Stark County Math and Science Students Test DNA with some help from SAMM
Who is SAMM? Or what is SAMM? And why does SAMM improve the rigor in advanced science education classes at East Canton High School?
SAMM — Science and Math on the Move — is a program run for Stark County’s math students and science students that, among many features, loans sophisticated scientific equipment to schools for math and science classes that otherwise might not be able to afford it. Lisa Gothard, Advanced Placement and dual-credit science teacher at East Canton High, says that her students “are taking math and science courses they could not take without SAMM equipment.” That’s because the rigor of these college-credit courses require the use of sophisticated devices such as a gas chromatograph and gel electrophoresis equipment. She says that East Canton High could not afford to buy the equipment.

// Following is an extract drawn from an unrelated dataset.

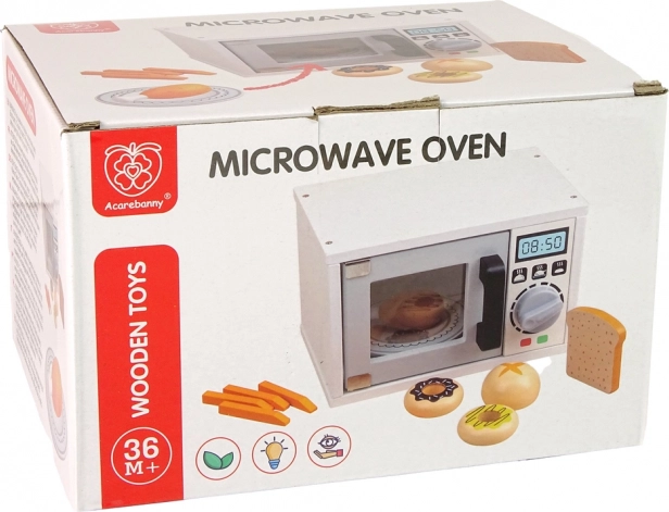 Štýlová drevená mikrovlnka v bielej farbe je perfektným doplnkom do každej detskej kuchynky. Podporuje hru na role, má magnetické dvierka, klikací otočný gombík a prichádza s bohatým príslušenstvom. Vyrobená z kvalitného dreva a bezpečne lakovaná podľa noriem CE a EN 71, vhodná pre deti od 3 rokov.

SAMM provides sophisticated scientific equipment for science and math students in Stark County
A gas chromatograph allows students to identify and analyze the various elements in a chemical compound. Gel electrophoresis allows students to analyze and match DNA samples. During a lesson this year in Ms. Gothard’s class, the science students used gel electrophoresis techniques to analyze two DNA samples and match them against the DNA of a fictitious criminal suspect, just as a police crime lab would do.
That doesn’t necessarily mean Ms. Gothard is training criminologists. “It’s just a molecular biology technique that every molecular biology student should know.” Which is why she has to teach it in order for her biology students to prepare adequately for the Advanced Placement test that could earn them college credit. Loaned SAMM equipment also enables her science students to participate in rigorous work for science fairs.
This is a story that could be repeated at high schools throughout Stark County. The origins of SAMM go back nearly 16 years. It was in 1994 that Jack Timken of the Timken Foundation talked to the Science and Math Council of the Education Enhancement Partnership (now the Stark Education Partnership) about the lending of sophisticated scientific equipment to schools. Such projects were being operated at that time by Juniata College in Huntingdon, Pa., and at Purdue University in West Lafayette, Ind. These programs loaned equipment to high schools around the college and university.
Stark County decided to establish a program by and for the public school districts in Stark County. Its original funding came from all the leading charitable foundations in the community, through the organization now known as the Stark Education Partnership. For a more information on the SAMM program that lists all the original funders and supplemental funders from various educational foundations, download the Science and Math on the Move Brochure for Stark County.
Funding of the program continues through various grants and user fees paid by the participating school districts.
“The program originally focused on high school mathematics and science students, where equipment such as ours was too expensive for individual schools to own,” said Mike Bayer, mathematics specialist at the Stark County Educational Service Center and the first director of the SAMM program.
“We now serve science and math students in K through 12 (kindergarten through senior year of high school), said Melissa Marconi, who succeeded Bayer as SAMM director. “We are the only K-12 math and science center in the country,” she added.
In addition to loaning expensive and sophisticated scientific and mathematics equipment, SAMM also prepares science curriculum kits for all grade levels throughout Stark County. The SAMM staff, working out of R.G. Drage Career Center near Massillon, even grow plants and raise animals, such as Madagascar hissing cockroaches that can be used in Stark County science classes.
Raising the giant cockroaches, by the way, beats buying them for $9 to $11 apiece from a science supply company. They’re easy to enjoy when they’re inside a glass box and you are outside it.